Thursday, May 21, 2015

Taking a new road

I debated about blogging about this, because I try not to blog a lot about my writing career. But a timeline I recently saw said on the road to self-publication the first thing to do is tell family and friends. So here I am to say I'm going off in two new directions next fall: I will self-publish my historical novel, "The Gilded Cage." Yes, I know there are other novels by that name, but it's so apt. I've had some success with similar novels before, about extraordinary women of the American West, but this is different. It's a fictional biography of Bertha Honore (Cissy) Palmer and her husband, Potter Palmer of the Palmer House Hotel in Chicago.
I'm fascinated for two reasons: I grew up on Chicago's South side, Hyde Park/Kenwood to be specific, close to the grounds of the 1893 Columbian Exposition--rumor has it that the 1892 house in which I was raised was built for the exposition. As I delved into that story, I became more fascinated than ever at the amazing amount of talent showcased there, everything from scholars like Frederick Jackson Turner and Henry Adams to sculpture by St. Gaudens and art by Mary Cassett--to the Buffalo Bill's Wild West Show, the original Ferris Wheel, and the scandalous "Little Egypt" where there was--gasp!--belly dancing.
And Cissy Palmer herself was an unusual and strong woman. Born and married into wealth, she was among the first to see the connection between wealth and philanthropy. Yes, her husband gave generously to various causes, but Cissy was the one who attended women's meetings, supported women's causes, traveled among the shanties of West Chicago to distribute help, worked at Hull House, Jane Addams' famous community shelter for immigrant women. The crowning glory of Cissy's career came whens she was elected President of the Lady Managers of the Exposition, responsible for the design, decoration, maintenance, and operation of the Women's Building.
I've turned the entire story into fiction, invented scenes and dialog and characters while sticking with the people who were really there. Most notably, I've injected a note of decorous romantic attraction, which I'm sure never existed. It all comes to a head the last night of the exposition.
The manuscript is with an editor and the idea with a cover designer. All plans can go awry of course,, but I hope to publish in October--so make your list of Christmas gifts. It will be in e-book and trade paper simultaneously.

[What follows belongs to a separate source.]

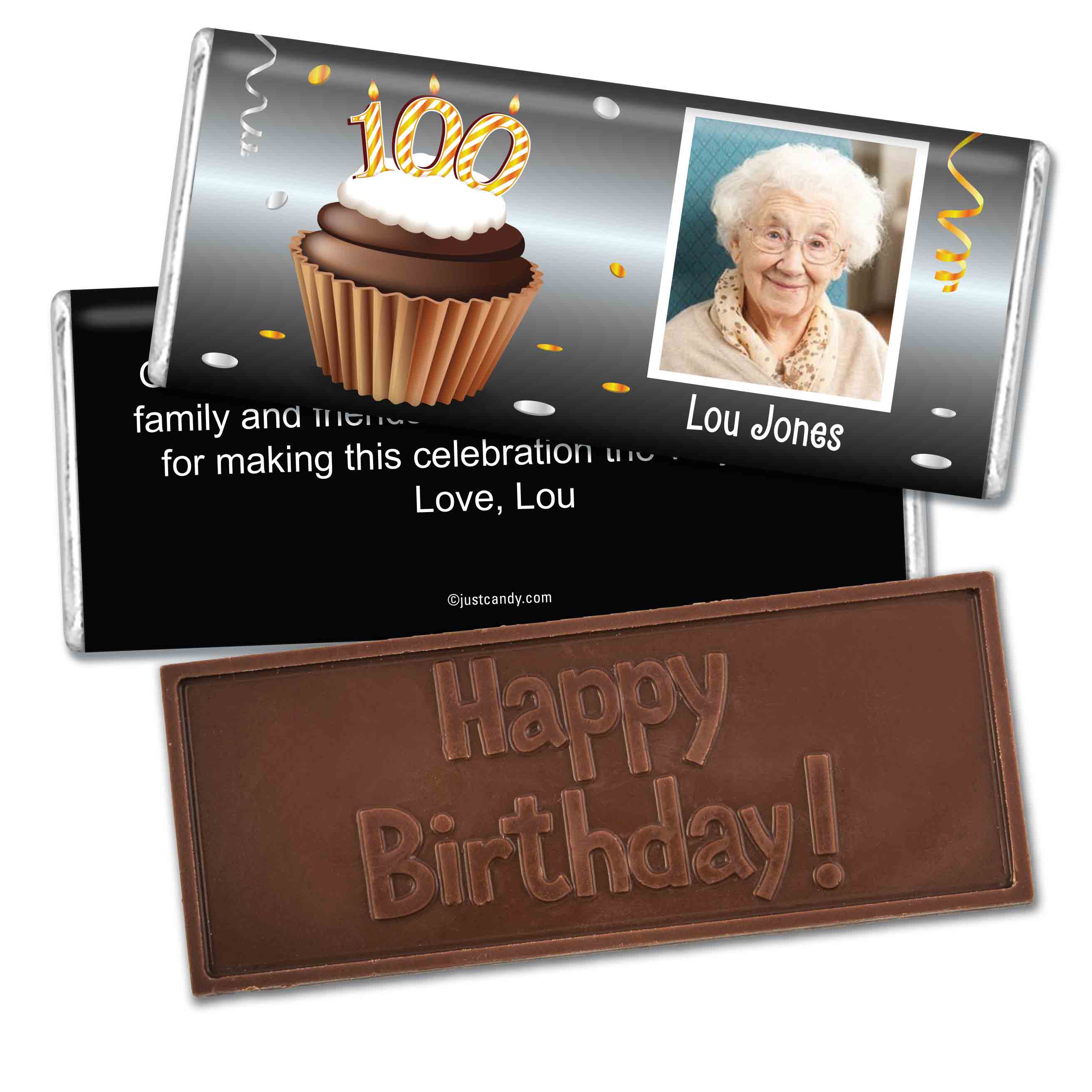 100th Birthday Personalized Embossed Chocolate Bar Cupcake & Year Photo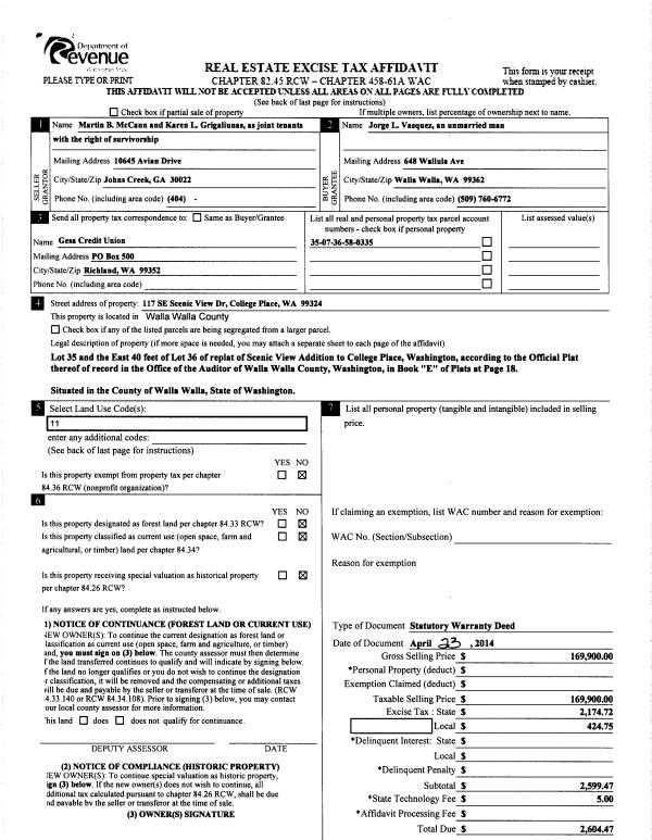 | 1 | 04/30/2014 | SWD | STATUTORY WARRANTY DEED | GRIGALIUNAS KAREN L | VASQUEZ JORGE L | | | $169,900.00 | 125807 | 2014-02935 |

And I'm equally excited about the book that Texas Tech Press is publishing in November: Texas is
Chili Country. I absolutely love the cover they've designed for it. The book is a light-hearted but documented look at the history of chili and the popularity of chili cook-offs today, with the granddaddy of them all at Terlingua each November. There are photos and recipes galore, along with chapters on beans and beer. Yes, I know--purists will not stand for beans in their chili, but they're often a side dish. And who can have chili without beer? I was lucky to have the cooperation of several good people in the compilation of this book, and I really look forward to some chili cook-off signing parties.
For those of you who like Kelly O'Connell and her Fairmount neighborhood or Kate and the Blue Plate Café, don't despair. There will be a third Blue Plate mystery in March or April 2016. Kelly will be back sometime, and so will Susan Hogan of The Perfect Coed.
As I said, plans can go awry, but there are my goals. Over the summer, I'll be blogging about Chicago history and chili recipes. Nothing like diversity in your writing.